We have been taught that within a great Love everything becomes Event in its sphere. Giussani is the one who has taught us this way. Everything is Event. Good things and bad things, but-and this is crucial in life-if you do not truly sense a special affection for you, you do not succeed in understanding what you do, that is, you don't love Him. You just can't manage to understand it, you resent it if things don't go your way, the fullness of life depends a great deal on what you do as well as on the result of what you do. The routine of getting up tomorrow morning to go to work is a routine you have to put up with, hoping that it will soon be over. Everything changes, instead, if there is an eye on you that gives you value and has nothing to do either with what you do or what you say or what you think, it has absolutely nothing to do with it, you are valued for what you are. The discovery that, instant by instant, there is One who makes you and wants you-Giussani, in his greeting to the Fraternity, said to be fathers and mothers-is the discovery of a fatherly presence that makes you father and mother.
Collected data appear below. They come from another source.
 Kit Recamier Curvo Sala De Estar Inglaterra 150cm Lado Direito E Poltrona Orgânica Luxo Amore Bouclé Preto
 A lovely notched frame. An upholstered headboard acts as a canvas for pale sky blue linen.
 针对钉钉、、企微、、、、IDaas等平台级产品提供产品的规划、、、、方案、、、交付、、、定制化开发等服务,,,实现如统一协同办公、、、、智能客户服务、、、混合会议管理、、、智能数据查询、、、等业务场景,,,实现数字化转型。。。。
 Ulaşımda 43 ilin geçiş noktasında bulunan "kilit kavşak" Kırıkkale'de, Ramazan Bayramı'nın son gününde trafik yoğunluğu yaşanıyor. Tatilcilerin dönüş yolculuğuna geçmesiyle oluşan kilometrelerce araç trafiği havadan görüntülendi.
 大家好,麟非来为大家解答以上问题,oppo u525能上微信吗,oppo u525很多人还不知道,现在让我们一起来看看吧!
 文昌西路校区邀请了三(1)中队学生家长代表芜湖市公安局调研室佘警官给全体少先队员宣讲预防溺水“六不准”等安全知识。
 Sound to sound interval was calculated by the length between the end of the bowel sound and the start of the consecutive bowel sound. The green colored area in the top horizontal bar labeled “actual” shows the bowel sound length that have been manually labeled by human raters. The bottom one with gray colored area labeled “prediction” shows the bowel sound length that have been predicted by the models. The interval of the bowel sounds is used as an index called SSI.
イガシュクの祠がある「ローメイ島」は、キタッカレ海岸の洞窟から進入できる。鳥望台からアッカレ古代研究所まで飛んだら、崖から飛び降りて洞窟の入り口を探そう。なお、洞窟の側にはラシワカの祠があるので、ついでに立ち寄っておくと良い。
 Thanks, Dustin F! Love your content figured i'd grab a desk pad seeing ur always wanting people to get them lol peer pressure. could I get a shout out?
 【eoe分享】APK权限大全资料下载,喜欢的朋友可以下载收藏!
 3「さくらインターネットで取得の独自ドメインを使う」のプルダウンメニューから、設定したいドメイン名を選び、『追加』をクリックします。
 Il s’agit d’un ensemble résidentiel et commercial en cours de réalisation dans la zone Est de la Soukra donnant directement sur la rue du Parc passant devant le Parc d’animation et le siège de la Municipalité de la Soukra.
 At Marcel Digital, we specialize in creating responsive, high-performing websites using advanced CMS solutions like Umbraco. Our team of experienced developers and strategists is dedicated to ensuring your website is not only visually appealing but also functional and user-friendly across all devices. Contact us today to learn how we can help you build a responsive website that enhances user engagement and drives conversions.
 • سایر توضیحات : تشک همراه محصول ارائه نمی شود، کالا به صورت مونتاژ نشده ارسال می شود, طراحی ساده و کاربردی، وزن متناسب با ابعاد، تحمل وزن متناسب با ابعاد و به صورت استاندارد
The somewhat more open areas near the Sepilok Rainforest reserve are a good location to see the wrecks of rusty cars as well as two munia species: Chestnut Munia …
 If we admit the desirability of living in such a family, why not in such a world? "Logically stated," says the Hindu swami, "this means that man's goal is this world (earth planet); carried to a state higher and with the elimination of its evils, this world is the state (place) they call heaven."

Life becomes an Event if you discover a merciful gaze on you; if not, then it doesn't become this. In the Christian Event everything is Event in its sphere, do you understand? Even a toothache. If we see things from this viewpoint life lights up and nothing is taken for granted any more, nothing is "routine" any more, not even something you have repeated for ten years always at the same time, is routine; it is an Event. If this merciful gaze on you becomes an experience among others, like the fact of being here now, what is this gathering? Do you realize that we are not affected any more if this gathering is not the discovery of an act of mercy on our lives? Even the fact of being here is something that makes us start in our seats, because we are inside a great Event. It is an Event of Love. What have I done to deserve this? It is a surprise in my life. To the degree to which this is true, all the details of my li fe are no longer negligible, none of them - do you understand? - none. Not even something that was done badly. This is the crucial point.